Stored items
<<<<

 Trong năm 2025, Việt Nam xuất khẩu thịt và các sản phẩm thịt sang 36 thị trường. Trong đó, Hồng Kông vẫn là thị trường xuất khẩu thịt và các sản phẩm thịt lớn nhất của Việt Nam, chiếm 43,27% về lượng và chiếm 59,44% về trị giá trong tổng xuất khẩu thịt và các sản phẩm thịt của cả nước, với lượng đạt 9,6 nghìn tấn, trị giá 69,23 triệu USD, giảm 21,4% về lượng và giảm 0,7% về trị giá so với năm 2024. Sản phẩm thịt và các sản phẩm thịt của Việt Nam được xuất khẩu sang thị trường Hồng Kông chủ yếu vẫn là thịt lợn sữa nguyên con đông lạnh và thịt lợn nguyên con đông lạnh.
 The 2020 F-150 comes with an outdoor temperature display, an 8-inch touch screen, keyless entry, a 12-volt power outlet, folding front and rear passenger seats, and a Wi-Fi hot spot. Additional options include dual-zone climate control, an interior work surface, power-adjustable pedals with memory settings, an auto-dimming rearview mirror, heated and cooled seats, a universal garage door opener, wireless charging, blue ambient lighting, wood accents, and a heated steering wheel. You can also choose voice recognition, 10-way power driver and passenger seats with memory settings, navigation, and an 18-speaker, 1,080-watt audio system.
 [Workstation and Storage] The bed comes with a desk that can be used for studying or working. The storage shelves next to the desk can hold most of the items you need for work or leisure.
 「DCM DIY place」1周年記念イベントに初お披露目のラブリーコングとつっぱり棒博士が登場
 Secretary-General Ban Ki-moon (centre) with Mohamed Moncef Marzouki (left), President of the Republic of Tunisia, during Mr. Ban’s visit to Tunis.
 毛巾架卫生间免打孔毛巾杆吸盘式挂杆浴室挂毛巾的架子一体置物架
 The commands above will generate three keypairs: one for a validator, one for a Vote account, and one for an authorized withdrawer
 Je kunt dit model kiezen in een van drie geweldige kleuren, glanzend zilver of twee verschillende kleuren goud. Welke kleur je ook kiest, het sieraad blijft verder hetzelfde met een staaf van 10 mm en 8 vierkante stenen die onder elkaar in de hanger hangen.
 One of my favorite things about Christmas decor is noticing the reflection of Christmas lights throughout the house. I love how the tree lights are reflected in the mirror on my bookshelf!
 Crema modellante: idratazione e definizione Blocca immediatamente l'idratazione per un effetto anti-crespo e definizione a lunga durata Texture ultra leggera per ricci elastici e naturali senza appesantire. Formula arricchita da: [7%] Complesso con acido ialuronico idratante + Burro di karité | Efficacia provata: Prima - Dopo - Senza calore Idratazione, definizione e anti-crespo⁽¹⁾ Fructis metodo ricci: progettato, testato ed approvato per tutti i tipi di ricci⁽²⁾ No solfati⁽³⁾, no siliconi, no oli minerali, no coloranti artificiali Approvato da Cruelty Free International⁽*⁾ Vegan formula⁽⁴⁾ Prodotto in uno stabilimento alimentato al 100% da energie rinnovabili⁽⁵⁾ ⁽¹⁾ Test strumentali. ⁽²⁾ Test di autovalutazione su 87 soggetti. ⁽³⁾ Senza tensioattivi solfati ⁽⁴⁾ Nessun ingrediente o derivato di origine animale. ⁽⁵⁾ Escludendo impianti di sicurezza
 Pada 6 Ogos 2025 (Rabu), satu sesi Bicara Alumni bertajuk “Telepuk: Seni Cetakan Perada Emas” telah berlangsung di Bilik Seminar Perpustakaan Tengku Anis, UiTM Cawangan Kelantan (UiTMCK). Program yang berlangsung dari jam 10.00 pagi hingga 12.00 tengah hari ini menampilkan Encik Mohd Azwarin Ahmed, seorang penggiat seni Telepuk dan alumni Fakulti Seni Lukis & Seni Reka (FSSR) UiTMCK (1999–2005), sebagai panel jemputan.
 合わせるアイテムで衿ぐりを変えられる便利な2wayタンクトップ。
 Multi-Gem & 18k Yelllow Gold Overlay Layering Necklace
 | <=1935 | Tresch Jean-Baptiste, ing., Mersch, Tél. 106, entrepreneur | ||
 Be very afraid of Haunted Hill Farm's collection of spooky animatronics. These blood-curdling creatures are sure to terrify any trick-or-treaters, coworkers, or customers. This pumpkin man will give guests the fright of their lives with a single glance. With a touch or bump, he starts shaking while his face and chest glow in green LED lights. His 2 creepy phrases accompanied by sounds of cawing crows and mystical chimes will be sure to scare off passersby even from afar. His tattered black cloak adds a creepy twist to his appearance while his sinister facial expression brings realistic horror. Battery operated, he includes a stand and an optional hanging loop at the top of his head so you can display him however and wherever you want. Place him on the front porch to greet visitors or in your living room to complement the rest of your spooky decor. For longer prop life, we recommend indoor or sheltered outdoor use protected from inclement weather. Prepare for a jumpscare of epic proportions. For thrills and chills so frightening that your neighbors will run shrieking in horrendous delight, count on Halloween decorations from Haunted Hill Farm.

>>>>

_Activity_
Set down each entry above again exactly as it reads.

_Solved problem_
 Trong năm 2025, Việt Nam xuất khẩu thịt và các sản phẩm thịt sang 36 thị trường. Trong đó, Hồng Kông vẫn là thị trường xuất khẩu thịt và các sản phẩm thịt lớn nhất của Việt Nam, chiếm 43,27% về lượng và chiếm 59,44% về trị giá trong tổng xuất khẩu thịt và các sản phẩm thịt của cả nước, với lượng đạt 9,6 nghìn tấn, trị giá 69,23 triệu USD, giảm 21,4% về lượng và giảm 0,7% về trị giá so với năm 2024. Sản phẩm thịt và các sản phẩm thịt của Việt Nam được xuất khẩu sang thị trường Hồng Kông chủ yếu vẫn là thịt lợn sữa nguyên con đông lạnh và thịt lợn nguyên con đông lạnh.
 The 2020 F-150 comes with an outdoor temperature display, an 8-inch touch screen, keyless entry, a 12-volt power outlet, folding front and rear passenger seats, and a Wi-Fi hot spot. Additional options include dual-zone climate control, an interior work surface, power-adjustable pedals with memory settings, an auto-dimming rearview mirror, heated and cooled seats, a universal garage door opener, wireless charging, blue ambient lighting, wood accents, and a heated steering wheel. You can also choose voice recognition, 10-way power driver and passenger seats with memory settings, navigation, and an 18-speaker, 1,080-watt audio system.
 [Workstation and Storage] The bed comes with a desk that can be used for studying or working. The storage shelves next to the desk can hold most of the items you need for work or leisure.
 「DCM DIY place」1周年記念イベントに初お披露目のラブリーコングとつっぱり棒博士が登場
 Secretary-General Ban Ki-moon (centre) with Mohamed Moncef Marzouki (left), President of the Republic of Tunisia, during Mr. Ban’s visit to Tunis.
 毛巾架卫生间免打孔毛巾杆吸盘式挂杆浴室挂毛巾的架子一体置物架
 The commands above will generate three keypairs: one for a validator, one for a Vote account, and one for an authorized withdrawer
 Je kunt dit model kiezen in een van drie geweldige kleuren, glanzend zilver of twee verschillende kleuren goud. Welke kleur je ook kiest, het sieraad blijft verder hetzelfde met een staaf van 10 mm en 8 vierkante stenen die onder elkaar in de hanger hangen.
 One of my favorite things about Christmas decor is noticing the reflection of Christmas lights throughout the house. I love how the tree lights are reflected in the mirror on my bookshelf!
 Crema modellante: idratazione e definizione Blocca immediatamente l'idratazione per un effetto anti-crespo e definizione a lunga durata Texture ultra leggera per ricci elastici e naturali senza appesantire. Formula arricchita da: [7%] Complesso con acido ialuronico idratante + Burro di karité | Efficacia provata: Prima - Dopo - Senza calore Idratazione, definizione e anti-crespo⁽¹⁾ Fructis metodo ricci: progettato, testato ed approvato per tutti i tipi di ricci⁽²⁾ No solfati⁽³⁾, no siliconi, no oli minerali, no coloranti artificiali Approvato da Cruelty Free International⁽*⁾ Vegan formula⁽⁴⁾ Prodotto in uno stabilimento alimentato al 100% da energie rinnovabili⁽⁵⁾ ⁽¹⁾ Test strumentali. ⁽²⁾ Test di autovalutazione su 87 soggetti. ⁽³⁾ Senza tensioattivi solfati ⁽⁴⁾ Nessun ingrediente o derivato di origine animale. ⁽⁵⁾ Escludendo impianti di sicurezza
 Pada 6 Ogos 2025 (Rabu), satu sesi Bicara Alumni bertajuk “Telepuk: Seni Cetakan Perada Emas” telah berlangsung di Bilik Seminar Perpustakaan Tengku Anis, UiTM Cawangan Kelantan (UiTMCK). Program yang berlangsung dari jam 10.00 pagi hingga 12.00 tengah hari ini menampilkan Encik Mohd Azwarin Ahmed, seorang penggiat seni Telepuk dan alumni Fakulti Seni Lukis & Seni Reka (FSSR) UiTMCK (1999–2005), sebagai panel jemputan.
 合わせるアイテムで衿ぐりを変えられる便利な2wayタンクトップ。
 Multi-Gem & 18k Yelllow Gold Overlay Layering Necklace
 | <=1935 | Tresch Jean-Baptiste, ing., Mersch, Tél. 106, entrepreneur | ||
 Be very afraid of Haunted Hill Farm's collection of spooky animatronics. These blood-curdling creatures are sure to terrify any trick-or-treaters, coworkers, or customers. This pumpkin man will give guests the fright of their lives with a single glance. With a touch or bump, he starts shaking while his face and chest glow in green LED lights. His 2 creepy phrases accompanied by sounds of cawing crows and mystical chimes will be sure to scare off passersby even from afar. His tattered black cloak adds a creepy twist to his appearance while his sinister facial expression brings realistic horror. Battery operated, he includes a stand and an optional hanging loop at the top of his head so you can display him however and wherever you want. Place him on the front porch to greet visitors or in your living room to complement the rest of your spooky decor. For longer prop life, we recommend indoor or sheltered outdoor use protected from inclement weather. Prepare for a jumpscare of epic proportions. For thrills and chills so frightening that your neighbors will run shrieking in horrendous delight, count on Halloween decorations from Haunted Hill Farm.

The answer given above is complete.